The Known Advices
“Anything that can stop this. I quit.”
“JEE can’t be that hard. After all, I remember,
you had chosen it quite willingly.”
“there are a lot many things in life that one properly
knows only after one has chosen them.”
“You mean the government?”
“Oh – off with your government jokes. It seems that
all you do is criticize the government and nothing else.”
“Well, there isn’t anything else to defame, what would
I do?”
“Listen to people. Anyway, I am willing to leave the
entire world if it gets me out of this.”
“Way to go. How hard is it? I mean JEE.”
“See – if you have ever heard of the term – I don’t
know the exact word – but it implies extreme effort that awaits null results –
that could be a reflection of what JEE is.
You strain your eye to a degree where even sight
becomes a challenge, and then you expend those pitiful eyes to see that you are
at the bottom of the class in every test. Basically, it trains you to except
the worst of life.”
“But I might ask – if every one faces these issues,
how come people come first, second, or even average?”
“You see – it’s only you. If you are a little
bit more meagre than the rest, then you fall. Raise your intelligence to a
slightly higher value, and you become average. And if God permits your request
to barter your brain with Newton’s, then you might get a good rank, but that
depends a lot on how you can copy.”
“Do you?”
“No… I am one of those ethical pawns who get the least
out of life.”
“Might I suggest a solution to your uneventful life?”
“If you could, pray do… but I highly doubt anything
you say will be of importance.”
“Withdraw from self-indulgence.”
“What?”
“You are floating over yourself as if it were God when
one is desperate, or a relative bearing strides. And because your circumstance
is no far from pity, I suggest you do not think about yourself.”
“And if I do, I’ll call you.”
It sighed. I had a ridiculously odd feeling that this
wasn’t how it should behave.
“I am sorry I proved to be a disappointment to you, I
couldn’t do more, I couldn’t do less, my eyes are burning in their sockets and
all I am wondering is whether I can make a dime to survive.”
“Relax. Health and success aren’t related.”
It sighed again. I might start worrying whether it
will leave me. But then, these things never do.
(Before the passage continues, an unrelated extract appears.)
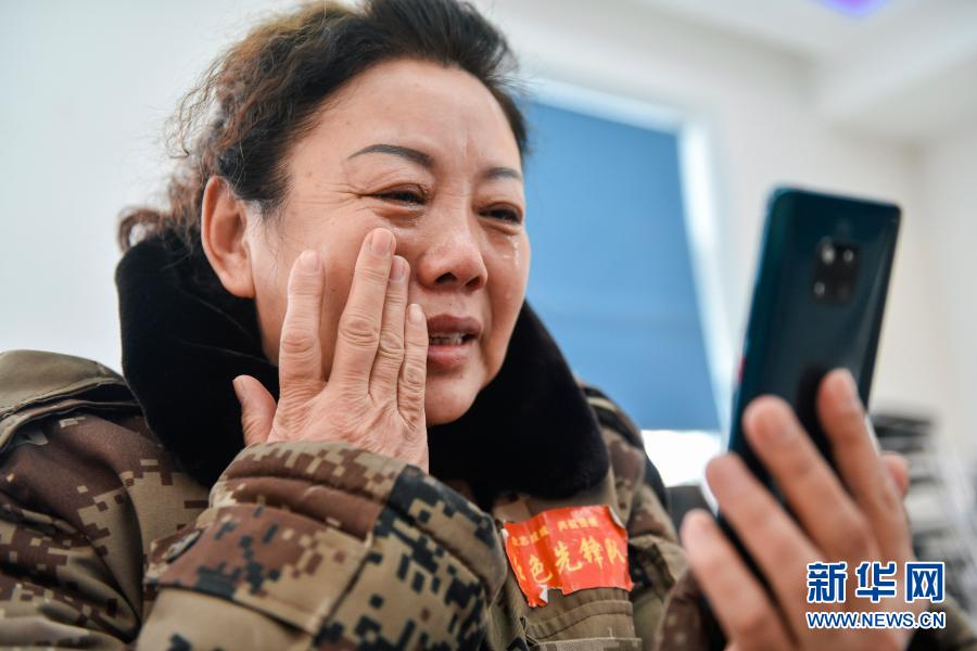 55岁的赵淑华,是吉林省通化市东昌区团结街道文化社区副主任、网格长。自1月12日通化发生疫情以来,临近退休的她毫不犹豫投身抗疫一线。小区巡逻、配合入户核酸检测、帮助居民排忧解难、保障卡点餐饮供给……为了防疫工作,她吃、住都在社区,24小时待命,近一个月没有回家。这也是东昌区800余名网格员一个月来的防疫工作常态。在这座不大的东北山城,他们用自己的付出构筑了一个个基层“抗疫堡垒”。这是2月16日,赵淑华与在长春的儿子、儿媳视频通话。这一天,她的孙子呱呱坠地。在社区忙活了一上午的赵淑华直到中午才腾出空来,通过视频看看孙子的模样。

“Tell me. My main concern is – they exhaust all their
fuel in work – I exhaust all mine in distress, it pains me to thrive, yet only
pain yields progress.”
“Pain is prejudiced – it strikes only those whom it
wants to enhance – pain is the benefactor, and pleasure is the borrower – pain
hails motion, and leisure decelerates the path. The fact that you are hurting
is an instance of how pain hails potential.”
“You needn’t explain it in the way I asked. But then,
you are me.”
“Of course. All my life, I have wondered, whether all
you can do is ask me questions and then I realize, all I am capable of,
is answering them. There is a balance between us. You and me. And there has to
be a balance between you, and your studies. One gives something and one takes
another. You throw in some strain, and it imparts knowledge.”
“Then how come it is one-way around?”
“One way is a path when it is not being walked upon as
it wishes to. But when you talk about JEE, I doubt whether the science of normal
roads applies here.
JEE is meant to be as further away from accomplishment
as possible. The fact that you have the guts to attempt it proves
courage. Well, the best thing is to not think about what you did, and
think about what you will do.”
“I am certain I can make something of this, yet I
don’t know what. It could be an apple pie, for God’s sake!”
It didn’t sigh this time. It stared at me, as if one
hints at ending an argument. I doubted whether this was the last time it would
talk to me. But then, it was always there.
I drifted away from the mirror. It wasn’t of any good.
All it’s given me is advices that I already know.